(Data entries)
········

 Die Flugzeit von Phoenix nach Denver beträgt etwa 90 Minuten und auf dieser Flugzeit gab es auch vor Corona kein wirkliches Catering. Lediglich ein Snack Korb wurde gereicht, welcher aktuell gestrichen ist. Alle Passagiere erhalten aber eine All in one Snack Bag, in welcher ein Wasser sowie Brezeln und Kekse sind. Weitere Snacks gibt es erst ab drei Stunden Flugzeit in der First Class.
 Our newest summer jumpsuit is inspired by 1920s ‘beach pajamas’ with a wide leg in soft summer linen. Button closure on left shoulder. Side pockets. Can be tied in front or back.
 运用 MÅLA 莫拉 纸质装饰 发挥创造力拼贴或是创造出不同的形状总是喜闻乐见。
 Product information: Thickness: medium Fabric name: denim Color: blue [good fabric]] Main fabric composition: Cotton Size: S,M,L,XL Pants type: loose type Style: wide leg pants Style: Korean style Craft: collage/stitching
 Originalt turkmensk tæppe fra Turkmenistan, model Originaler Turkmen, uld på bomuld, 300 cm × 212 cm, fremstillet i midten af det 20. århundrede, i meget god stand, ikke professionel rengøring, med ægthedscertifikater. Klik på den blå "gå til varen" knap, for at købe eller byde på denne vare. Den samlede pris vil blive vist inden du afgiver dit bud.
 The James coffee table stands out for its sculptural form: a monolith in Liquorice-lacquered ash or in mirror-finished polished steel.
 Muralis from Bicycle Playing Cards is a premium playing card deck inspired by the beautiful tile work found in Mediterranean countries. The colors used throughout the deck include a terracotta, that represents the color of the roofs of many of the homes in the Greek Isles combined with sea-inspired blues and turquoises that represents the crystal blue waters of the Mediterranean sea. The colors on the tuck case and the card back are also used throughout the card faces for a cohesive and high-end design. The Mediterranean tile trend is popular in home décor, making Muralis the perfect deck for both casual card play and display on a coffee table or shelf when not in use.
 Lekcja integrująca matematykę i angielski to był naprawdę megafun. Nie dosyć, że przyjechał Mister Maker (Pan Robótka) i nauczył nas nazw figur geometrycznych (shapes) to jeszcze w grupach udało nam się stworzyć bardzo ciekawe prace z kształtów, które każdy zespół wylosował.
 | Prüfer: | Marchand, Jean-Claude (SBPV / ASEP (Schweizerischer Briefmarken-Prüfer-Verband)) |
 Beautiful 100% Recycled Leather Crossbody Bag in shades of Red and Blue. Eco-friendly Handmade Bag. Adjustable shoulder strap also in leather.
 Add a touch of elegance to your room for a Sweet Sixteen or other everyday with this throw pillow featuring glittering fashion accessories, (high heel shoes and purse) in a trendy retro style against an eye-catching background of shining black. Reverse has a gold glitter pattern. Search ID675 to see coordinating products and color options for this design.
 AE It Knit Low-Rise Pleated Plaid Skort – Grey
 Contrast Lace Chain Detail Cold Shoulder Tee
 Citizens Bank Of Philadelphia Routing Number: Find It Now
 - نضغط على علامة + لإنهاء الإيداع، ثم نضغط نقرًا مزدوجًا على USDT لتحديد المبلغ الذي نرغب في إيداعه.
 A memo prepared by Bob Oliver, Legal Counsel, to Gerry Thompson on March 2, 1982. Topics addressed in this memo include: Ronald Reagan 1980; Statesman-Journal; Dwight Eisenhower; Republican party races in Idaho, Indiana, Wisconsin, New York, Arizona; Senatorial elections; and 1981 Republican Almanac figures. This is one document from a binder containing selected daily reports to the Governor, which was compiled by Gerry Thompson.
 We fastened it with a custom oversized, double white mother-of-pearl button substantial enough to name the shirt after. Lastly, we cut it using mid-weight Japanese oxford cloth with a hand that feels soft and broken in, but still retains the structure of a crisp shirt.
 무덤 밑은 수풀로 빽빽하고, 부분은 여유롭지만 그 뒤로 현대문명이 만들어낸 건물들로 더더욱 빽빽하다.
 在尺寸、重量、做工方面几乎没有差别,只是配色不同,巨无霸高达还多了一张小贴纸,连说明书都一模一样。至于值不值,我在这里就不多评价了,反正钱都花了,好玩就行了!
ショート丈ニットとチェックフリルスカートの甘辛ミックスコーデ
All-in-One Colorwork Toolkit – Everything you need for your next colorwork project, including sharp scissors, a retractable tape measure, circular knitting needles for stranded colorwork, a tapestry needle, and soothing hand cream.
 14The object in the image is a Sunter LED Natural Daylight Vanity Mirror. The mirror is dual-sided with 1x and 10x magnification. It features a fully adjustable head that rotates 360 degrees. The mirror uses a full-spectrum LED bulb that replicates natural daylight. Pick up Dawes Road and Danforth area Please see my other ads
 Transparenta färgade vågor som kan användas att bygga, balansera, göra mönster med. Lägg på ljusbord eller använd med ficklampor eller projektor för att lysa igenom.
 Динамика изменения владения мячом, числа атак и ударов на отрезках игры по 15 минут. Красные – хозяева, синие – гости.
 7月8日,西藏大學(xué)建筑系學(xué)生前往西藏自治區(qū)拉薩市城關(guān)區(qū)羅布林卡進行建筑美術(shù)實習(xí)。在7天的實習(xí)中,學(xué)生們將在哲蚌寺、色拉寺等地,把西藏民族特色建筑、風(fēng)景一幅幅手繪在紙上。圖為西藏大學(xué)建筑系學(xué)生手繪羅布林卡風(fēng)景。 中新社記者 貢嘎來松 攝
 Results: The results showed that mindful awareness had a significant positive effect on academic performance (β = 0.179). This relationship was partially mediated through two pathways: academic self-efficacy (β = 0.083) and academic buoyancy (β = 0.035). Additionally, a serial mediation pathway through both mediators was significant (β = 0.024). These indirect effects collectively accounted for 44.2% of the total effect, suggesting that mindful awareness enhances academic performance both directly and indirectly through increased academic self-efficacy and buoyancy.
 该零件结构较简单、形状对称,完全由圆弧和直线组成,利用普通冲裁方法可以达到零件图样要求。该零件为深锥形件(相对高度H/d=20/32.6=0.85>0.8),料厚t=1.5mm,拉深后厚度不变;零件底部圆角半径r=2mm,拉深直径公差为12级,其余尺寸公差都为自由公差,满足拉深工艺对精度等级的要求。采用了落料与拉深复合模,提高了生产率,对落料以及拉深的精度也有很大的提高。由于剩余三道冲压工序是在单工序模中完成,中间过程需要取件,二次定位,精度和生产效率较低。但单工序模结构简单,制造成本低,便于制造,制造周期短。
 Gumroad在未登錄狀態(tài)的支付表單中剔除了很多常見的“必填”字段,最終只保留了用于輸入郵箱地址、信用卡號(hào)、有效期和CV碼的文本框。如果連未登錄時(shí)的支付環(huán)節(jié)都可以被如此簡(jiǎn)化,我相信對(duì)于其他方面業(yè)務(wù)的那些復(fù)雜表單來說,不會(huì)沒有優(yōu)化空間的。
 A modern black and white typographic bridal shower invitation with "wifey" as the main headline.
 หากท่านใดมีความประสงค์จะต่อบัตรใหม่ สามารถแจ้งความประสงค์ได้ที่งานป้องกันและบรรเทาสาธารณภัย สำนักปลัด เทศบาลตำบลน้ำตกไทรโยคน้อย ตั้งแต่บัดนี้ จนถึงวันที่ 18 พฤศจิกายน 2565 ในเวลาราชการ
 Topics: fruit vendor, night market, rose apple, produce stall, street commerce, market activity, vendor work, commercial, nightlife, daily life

········

• _Task directions_: Look for the string "high" in the entries above. Copy every line that has it.

• _Solution below_:
 Muralis from Bicycle Playing Cards is a premium playing card deck inspired by the beautiful tile work found in Mediterranean countries. The colors used throughout the deck include a terracotta, that represents the color of the roofs of many of the homes in the Greek Isles combined with sea-inspired blues and turquoises that represents the crystal blue waters of the Mediterranean sea. The colors on the tuck case and the card back are also used throughout the card faces for a cohesive and high-end design. The Mediterranean tile trend is popular in home décor, making Muralis the perfect deck for both casual card play and display on a coffee table or shelf when not in use.
 Add a touch of elegance to your room for a Sweet Sixteen or other everyday with this throw pillow featuring glittering fashion accessories, (high heel shoes and purse) in a trendy retro style against an eye-catching background of shining black. Reverse has a gold glitter pattern. Search ID675 to see coordinating products and color options for this design.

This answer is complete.